WGU design students create new magazine to support the work of the North Wales Public Service Boards
Date: 20th June 2022
Graphic design students at Wrexham Glyndwr University (WGU) have collaborated with the North Wales Public Service Boards to create a new magazine focussed on the wellbeing of communities across the region.
The magazine, called Llesiant, brings together some of the key data from the region’s wellbeing assessments which have been led by the Wrexham, Flintshire, Conwy and Denbighshire, Anglesey and Gwynedd PSBs. It aims to build a picture of the current wellbeing of North Wales communities and to support wellbeing planning to improve this for the future.
Every five years, Public Service Boards, as part of the Well-being of Future Generations Act, are required to assess the wellbeing of their area and produce a wellbeing assessment, which is used as a basis to develop that area’s wellbeing plan outlining how public bodies will work together to improve and enhance community wellbeing.
In North Wales, these assessments have been developed working closely with communities to understand what really matters to local people. This collaboration with WGU students aims to build on this approach by encouraging the students to engage with, and interpret, the data to produce and innovative and creative tool for the PSBs to continue to engage both communities and public bodies in understanding, and acting on, the region’s wellbeing priorities.
Nina Ruddle, Head of Public Policy and Engagement at WGU who has supported this work as a key part of the University’s Civic Mission Partnership Strategy, said: “This collaboration between WGU students and the Public Service Boards once again really highlights how we are doing things differently in North Wales and really embracing the ethos of the Well-being of Future Generations Act to make a lasting and sustainable impact to wellbeing outcomes by working differently.
"We are delighted not only to have supported and enabled this approach through our civic mission commitment to end social inequality in North Wales, but to have been able to showcase the talent and creativity of our design students."
Adam Skinner, a WGU design student from Flintshire who worked on the Llesiant magazine, commented: "This has been a great project to work on.
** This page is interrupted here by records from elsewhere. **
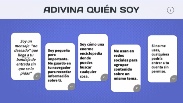 Trata de identificar el personaje antes de voltear la tarjeta. Si aciertas, haz clic en el signo ✔, y si te equivocas, selecciona ✖.
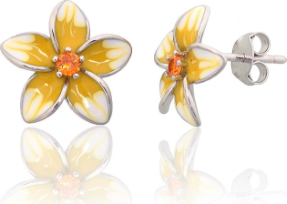 Sudraba auskari-puseti #2204288(PRh-Gr)_CZ-OR+ML-W+ML-Y, Sudrabs 925°, rodijs (pārklājums), Cirkoni, Juvelieru emalja, 1.9 gr.
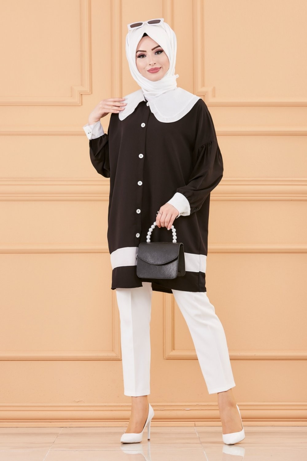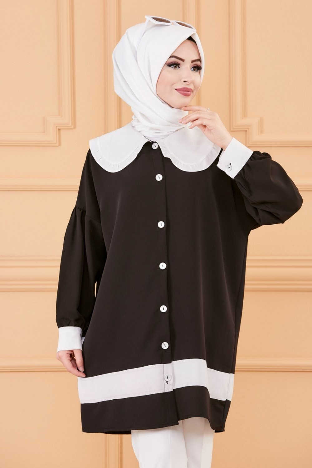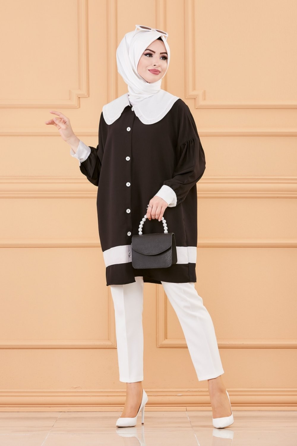 Tunique style habillé (Vêtement chic pour femme voilée) - Couleur noir et blanc Vetement & Accessoire
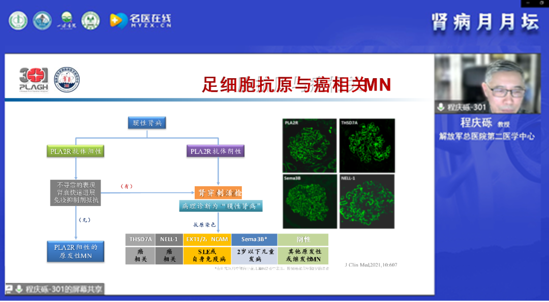 程教授提出腫瘤相關的膜性腎病也可以定義為副腫瘤性腎小球腎炎,在副腫瘤性的腎小球腎炎當中,膜性腎病應該排在第一位。關于副腫瘤性的腎小球腎炎,文獻上定義是①治療腫瘤的過程中,腫瘤緩解,腎臟病緩解;②腫瘤復發,腎臟病也復發;③也是做最重要和難度最大的,就是需要進一步探究腫瘤與MN之間內在的病理生理機制。程教授的團隊在1000多例膜性腎病的隨訪隊列中,發現了16例患者合并實體腫瘤,這其中PLA2R抗原陽性10例,NELL-1抗原陽性1例,另外5例尚未發現其他靶抗原,她們在TSHD7A抗原陽性的MN患者中沒有發現有合并腫瘤,這個結果可能和西方報道有一些差異。在中國人群當中發現NELL-1靶抗原陽性的比例超過TSHD7A抗原陽性,她們在PLA2R抗原陰性的患者中發現有35%患者NELL-1抗原是陽性,而且有一例PLA2R及NELL-1雙抗原陽性患者合并腫瘤,對于中國人群來說要進一步關注NELL-1抗原陽性的MN患者臨床病理特點及是否合并有腫瘤的高發。最后程教授談及膜性腎病合并腫瘤,可能還會牽涉到醫療安全的問題,膜性腎病高發人群都是中老年人群,患者有可能在激素免疫抑制劑治療過程當中發現了腫瘤,因此會被誤認為是治療所導致的腫瘤發生,確需對MN患者進行腫瘤的嚴密追蹤和篩查,現今醫療安全需放在首位考慮。最后程教授希望盡可能去尋找MN的致病靶抗原,不同的靶抗原可能會有不同的病理、臨床特點。

Visual media is a brilliant way to connect with people and help to bring the data to life and this has been really important to us in designing Llesiant. We wanted to highlight both the positives in terms of what’s going well and also the things that people need to be concerned about."
Michael Cantwell who works with Wrexham PSB on behalf of Wrexham County Borough Council, said: "Working with the talented Glyndwr design students was a great experience – they’ve created a format that cleverly brings the well-being data to life as well as being a work of art."